The dogs were moved after Major, who is three, caused a “minor injury” to an unnamed person at the White House.

Press Secretary Jen Psaki confirmed that an encounter took place, but denied that they were moved to Delaware because of it. She said they were due to come back soon, but did not say when.

Psaki said that “on Monday, the first family’s younger dog, Major, was surprised by an unfamiliar person and reacted in a way that resulted in a minor injury to the individual.”

Champ, the older Biden dog, was moved along with Major and is due back at the same time.

Psaki said that the dogs were always due to move because it best suited plans by Biden and First Lady Jill Biden.

A source told CNN before Psaki’s briefing that Major had a “biting incident” with a member of White House security, and was sent to Delaware as a result.

But Psaki’s briefing pushed back on the idea that the move was a consequence of the biting.

Psaki said that the injury “was handled by the White House medical unit, with no further treatment needed.”

Sean Sullivan, a White House reporter for The Washington Post, said on Twitter that Major had “nipped” a Secret Service agent’s hand, citing a Secret Service official.

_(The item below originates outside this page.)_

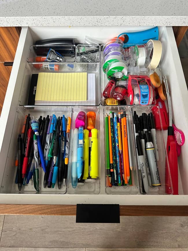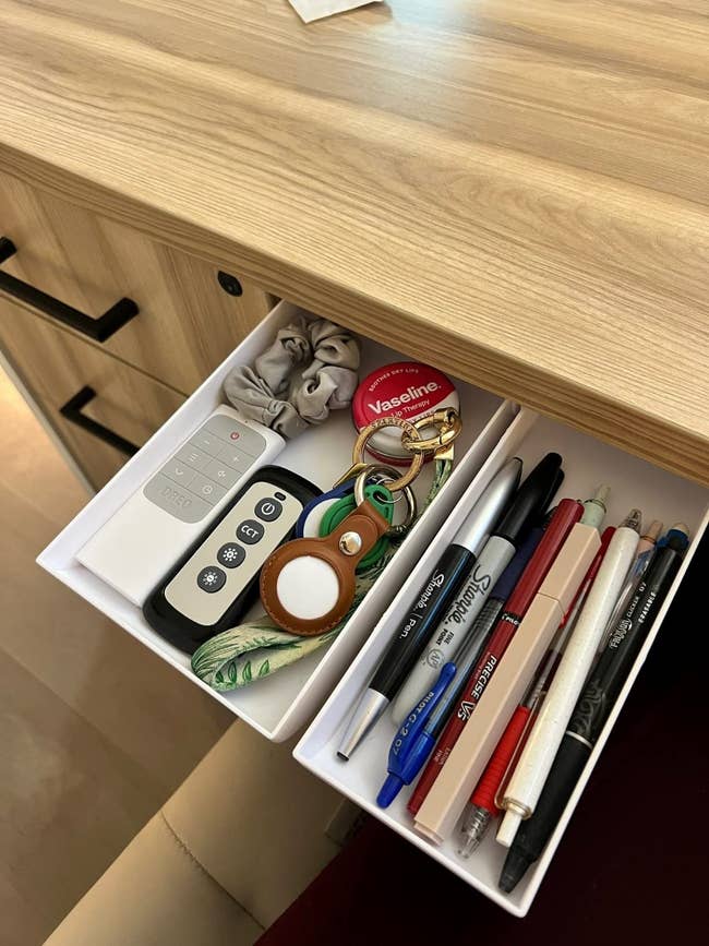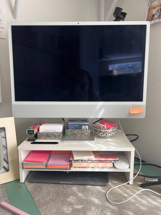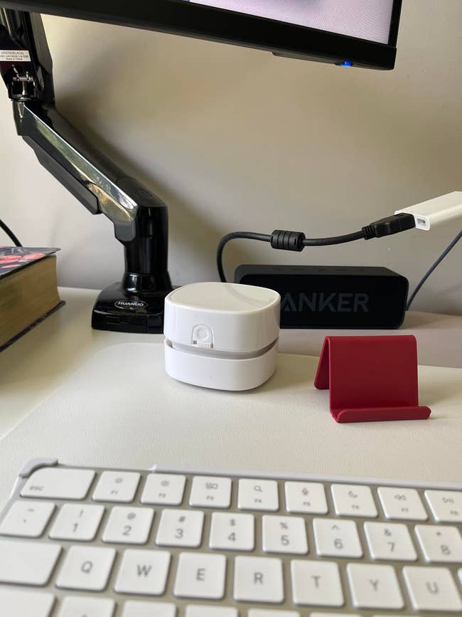 We hope you love our recommendations! While every product is independently chosen by our editors, BuzzFeed and our publishing partners may collect a share of sales or other compensation from the links on this page. You can read more about how our affiliate partnerships work in our Editorial Standards & Ethics Guide. You’ll be shooketh at how much more productive you feel when your matcha isn’t balancing on a stack of papers. And if you're team Android, I got chu, too — check out this charger. Promising review: "Great to have on your desk at work. No matter how busy my day is, I never have to worry about running low on my charge on any of my Apple products — from earbuds to my watch to my phone. I’m good, no matter how much video streaming or other activities happen to me during the day. I’m always ready to recharge, simple and easy." —Chris Dennis Get it from Amazon for $39.99 (available in four colors). It's also small enough to live on your desk without taking up an obnoxious amount of space. Promising review: "This vacuum cleaner is a game changer for keeping my desk tidy. It is super efficient at picking up dust, crumbs, and small debris without being noisy or bulky. The compact size makes it easy to store, and it works perfectly on desks, tables, or any small surface. I love the energy-saving auto power-off function, which is a smart feature to prevent unnecessary power use. It’s easy to empty and maintain, and the suction power is surprisingly strong for its size. If you're looking for a simple, efficient way to keep your workspace clean, this vacuum is definitely worth it. Highly recommend!" —Jack Get it from Amazon for $13.98+ (available in two colors and with battery charging, USB charging, or wireless charging). Promising review: "This headphone stand was super easy to assemble and feels very sturdy. The aluminum bar and solid base give it a premium feel, and it holds my headphones securely without any wobble. I liked it enough that I ended up buying a second one. Great value and does exactly what it’s supposed to." —Austin Plitt Get it from Amazon for $6.99+ (available in black and white). There's also an option that will hold up your phone, too! Promising review: "What a simple, but ingenious concept. I hate sticky notes all over my desk, but I still put them there! Having them front and center, eye level, makes me acknowledge them more. I address what's on the note faster, and can trash the note after I'm done. Or I use a very hot pink sticky for things I want to be aware of all the time. The eye level thing is key. This is a great product and easy to install." —Kelly in MI Get it from Amazon for $6.98+ (available in three variations). Promising review: "This was the second one I have purchased because they do a great job. It holds the paper securely, and it's easy to transfer from one side of the computer screen to the other as I often do for ergonomic reasons." —C Oregon Get it from Amazon for $17.49+ (available in three colors). It also comes in a number of variations that have either a built-in phone charger, a calendar, a mini lamp, an aromatherapy pad, or a calculator! Promising review: "This dry-erase surface is not only excellent for writing, but it is also incredibly functional in terms of organization. One of the best features is the built-in storage compartment, which has helped me keep my desk much tidier by storing pens, sticky notes, and other small items right inside. It also works perfectly as a keyboard stand, creating a more ergonomic setup and freeing up space on my workspace. The writing surface is smooth and erases completely without any residue or ghosting, even after extended use. If you're looking for a versatile and space-saving dry-erase solution that goes beyond just writing, this is a fantastic option. Clean, practical, and thoughtfully designed — I highly recommend it!" —Priscila Carmo Get it from Amazon for $25.99+ (available in 25 variations across 4 colors). Promising review: "This aluminum laptop stand exceeded my expectations. It’s incredibly sturdy, with a sleek, modern design that looks great on any desk. The ergonomic height and angle make a big difference for comfort during long hours of work, reducing neck and back strain. I love that it’s detachable — it makes it easy to pack and take on the go. It keeps my laptop cool with great ventilation and stays firmly in place without wobbling. A simple, high-quality solution that’s worth every penny!" —TB Get it from Amazon for $16.99+ (available in six colors). Promising review: "This monitor stand is exactly what I needed! The two-tier design gives me extra space underneath for storing notebooks, pens, and even my keyboard. It looks clean and modern on my desk, and I love the built-in phone holder and cable slots to keep everything organized. Super sturdy and functional — highly recommend!" —SH Get it from Amazon for $20.99+ (available in two sizes and five colors). Beyond 3D Creations is a small business that creates small, useful daily items with a 3D printer. Promising review: "Fits perfectly under my desk and I love that my devices can stay out of sight when I'm not using them. Highly recommend!" —Michelle Cheng Get it from Beyond 3D Creations on Etsy for $15.88. Promising review: "It’s so sleek and affordable — just what I needed for my home office. I love that it displays the time/date and temperature, so make sure not to lose your remote! It came with non-damaging 3M wall stickies, so it functions as a wall clock, but it also came with a small desk stand, so you can also display it on your desk. I appreciate that you can change the brightness levels too — I‘m obsessed!!!" —Anna Shim Get it from Amazon for $16.99+ (available in four colors and with or without a physical/digital remote). Promising review: "It is super cute, minimalistic, easy to flip. It makes for a cute, but professional calendar display." —Tori Get it from Amazo

The official said that there was no bleeding or skin puncture, that the injury was “extremely minor”, and that the agent continued their duties. There was said to be “a small mark on the agent’s hand.”

-Sean Sullivan (@WaPoSean) March 10, 2021

CNN reported that Major had previously shown some agitated behaviour, like “charging” at staff, as well as jumping and barking.

Psaki said on Tuesday that both dogs “are still getting acclimated and accustomed to their surroundings and new people.”

The dogs first moved into the White House in January.

As Insider’s Monica Humphries previously reported, Major made history for being the first shelter dog in the White House.